**Your assignment**
Quote from the first line below through the line that contains "keine Wünsche offen.", both included, and leave the pictures out.

= Beginning of Section =

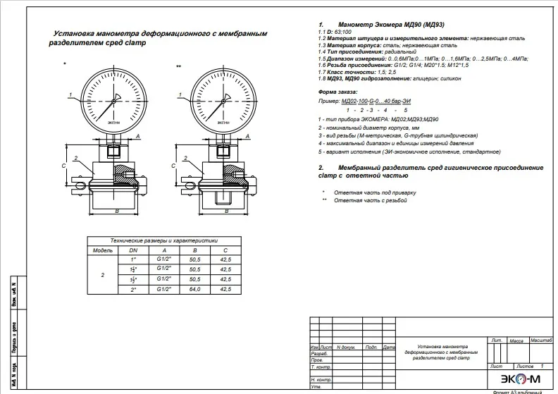 Манометр Экомера МД90 (МД93)
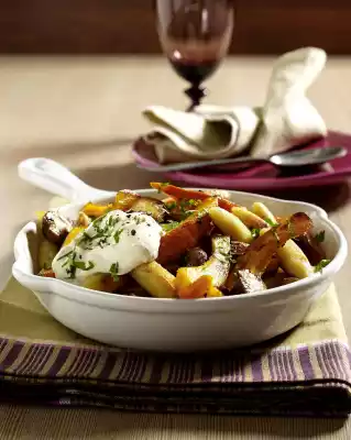 Finely mash the feta with a fork. Mix with sour cream. Season with salt and pepper. Wash parsley and cut into fine strips. Season the potato noodle-pumpkin-pan with salt, pepper and some rose paprika.
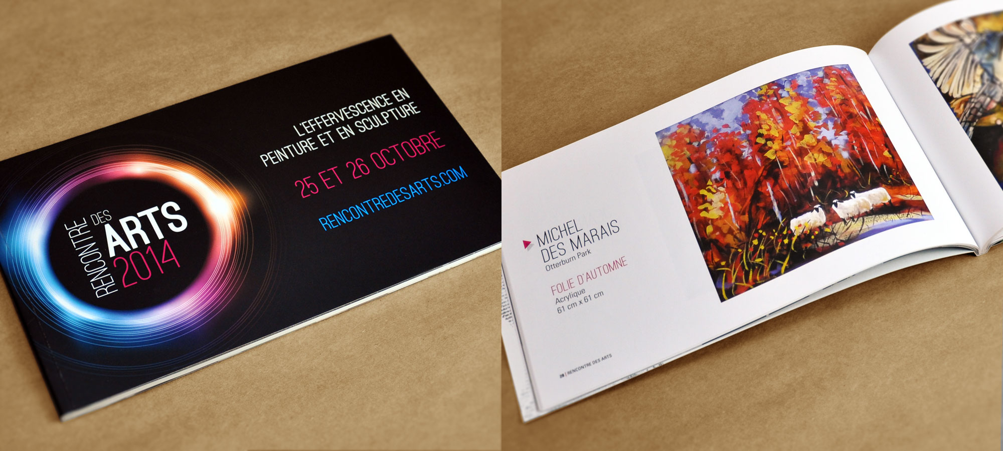 Développement visuel de la programmation et d’outils promotionnelles pour la coopérative artistique art[o]. Création de l’identité visuelle pour La rencontre des arts.
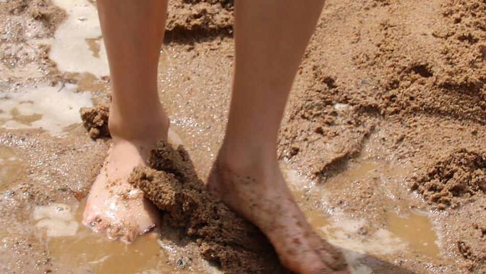 "Hier gibt es schöne alte Bäume und viel Schatten", lobt David das Gelände. Für zusätzliche Abkühlung an dem heißen Tag sorgt das viele Wasser: Die meisten Kinder spielen im oder rund um den knietiefen Teich. Mit einer archimedischen Schraube können die Kinder das Wasser zum Matschplatz heben. An heißen Tagen bleiben also keine Wünsche offen.
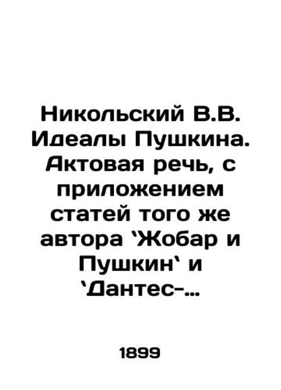 Nikolsky V.V. Pushkins Ideals: An Actual Speech, accompanied by articles by the same author: Jobar and Pushkin and Dantes-Gekkerens. In Russian /Nikolskiy V.V. Idealy Pushkina. Aktovaya rech, s prilozheniem statey togo zhe avtora Zhobar i Pushkin i Dantes-Gekkeren. S.Pb.Type A.S.Suvorina. 1899.y. X, 152 p. We have thousands of titles and often several copies of each title may be available. Please feel free to contact us for a detailed description of the copies available. SKUalbb46b17b6af48e8d0.
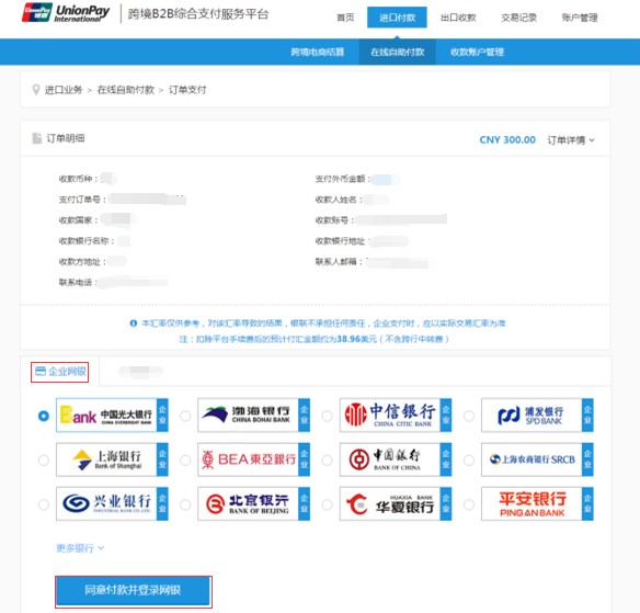 进入到订单支付页面,选择相应企业网银完成支付。
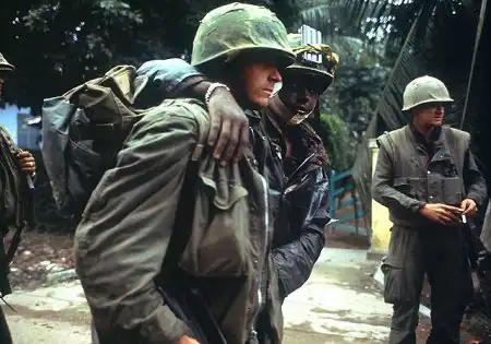 Санитар Вернон Вайк оказывает помощь раненому другу.
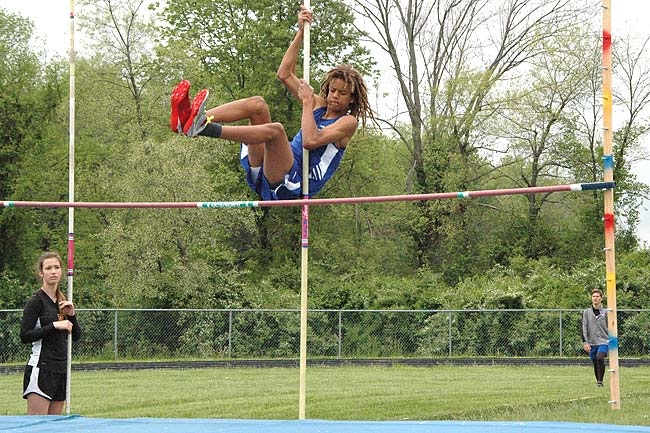YSHS track and field star Oluka Okia leaped over the pole vault bar during the Metro Buckeye Conference championships at Yellow Springs High School on May 17. Okia went on to win the conference title in the high jump (5’8’’) to help propel the YSHS boys team to a second-place finish. The girls team also came in second. The track season ended this week. (Photo by Megan Bachman)
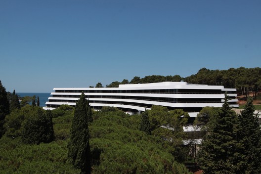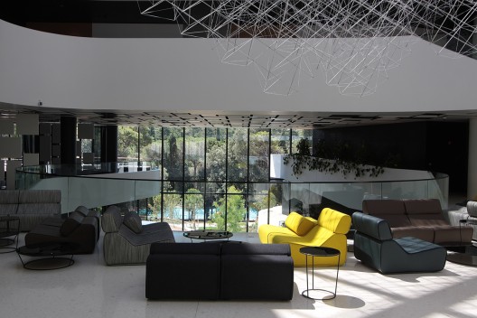這是一個由很多著名克羅地亞建筑師,藝術家,產品、時尚、和平面設計師共同設計完成的酒店,也是克羅地亞第一家設計型酒店,位于穆里尼山森林公園。這個公園是羅維尼最吸引人的旅游地之一,緊鄰傳奇的易登酒店和新建的穆里尼山酒店。周圍環境和公園空間安靜怡人,是Lone海灣穆里尼山森林安全的地帶。設計旨在將這一空間打造成一個有意思且頗具功能感的空間,來自3LHD的建筑師負責酒店大樓的設計和建造。除了整體建筑,室內和家具也都是量身設計,以實現一種獨特的可辨識的身份認證。酒店包括236個房間,12個套房。其中16個房間在陽臺設有私人的按摩池。房間功能多樣,能滿足不同人群的需要。帶有國王床,成對床或是相互連接房間的套房適合家庭。酒店有三個餐廳,它們分別是“L”,“ON”,“E”;兩個酒吧,一個爵士俱樂部和一個迷你俱樂部。

= End of Section =

**Exercise response**
 Манометр Экомера МД90 (МД93)
 Finely mash the feta with a fork. Mix with sour cream. Season with salt and pepper. Wash parsley and cut into fine strips. Season the potato noodle-pumpkin-pan with salt, pepper and some rose paprika.
 Développement visuel de la programmation et d’outils promotionnelles pour la coopérative artistique art[o]. Création de l’identité visuelle pour La rencontre des arts.
 "Hier gibt es schöne alte Bäume und viel Schatten", lobt David das Gelände. Für zusätzliche Abkühlung an dem heißen Tag sorgt das viele Wasser: Die meisten Kinder spielen im oder rund um den knietiefen Teich. Mit einer archimedischen Schraube können die Kinder das Wasser zum Matschplatz heben. An heißen Tagen bleiben also keine Wünsche offen.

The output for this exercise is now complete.